# do all siamese cats have that weird meow?



## Jadedea Jade (Feb 3, 2009)

i hear it all the time on the youtube videos of meezers. it sounds like the kitty is doing a "meh" vs a "meow".

im just wondering, because i think maybe after awhile i might be bothered by it and i know my husband will be driven up the wall with it lol

not that i dont love cat meows, i looooooovveee cat meows, just not 3-4 in the morning like my cat azores does when she gets hyper and wants to run up the cat tree, and sprint down the hallway and run us over while were sleeping and out chirp the dern birds and wake up the neighbors. Shes that loud!

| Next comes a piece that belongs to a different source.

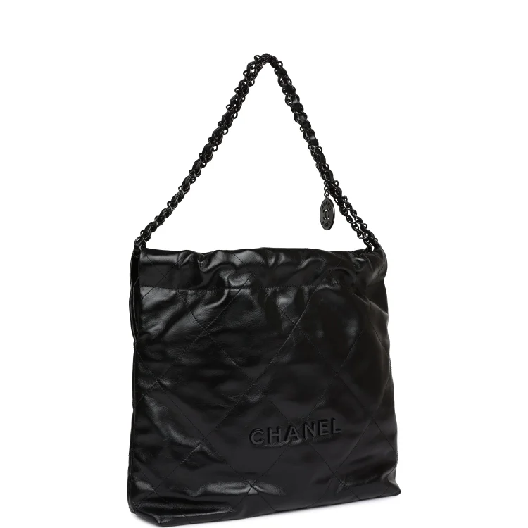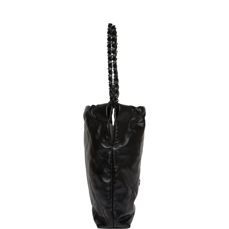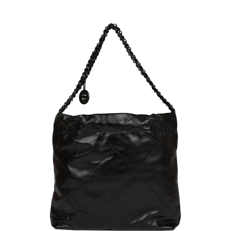 ThisSmall 22hobo bag is of SO blackcalfskin withblack hardware and has the signature diamond quilting. CC on the front inblack metal. removable pouch. and longblack metal andblack leather chain.

one day i will record it, and ye shall hear her cries of desperation! lol


----------



## Felicis (Sep 7, 2009)

Siamese do tend to have a more of a "meh" sound like you said. They also are more vocal so be prepared for a lot of kitty talks.


----------



## katlover13 (Apr 15, 2008)

I have two flame point kitties. RayRay has the traditional Siamese meow. Orlando's meow is the strangest meow I have ever heard. Its like a very loud OW!


----------



## Adrienne123 (May 13, 2009)

My meezers are both pretty quite, in fact, after hearing about how vocal they are I am a bit disappointed in their 'lack' of communication. China will meow softly once in a blue moon, like if she is stuck in a closed room. Dulce I haven't heard meow except in the crate on the way to the vets or again, if stuck in a room.


----------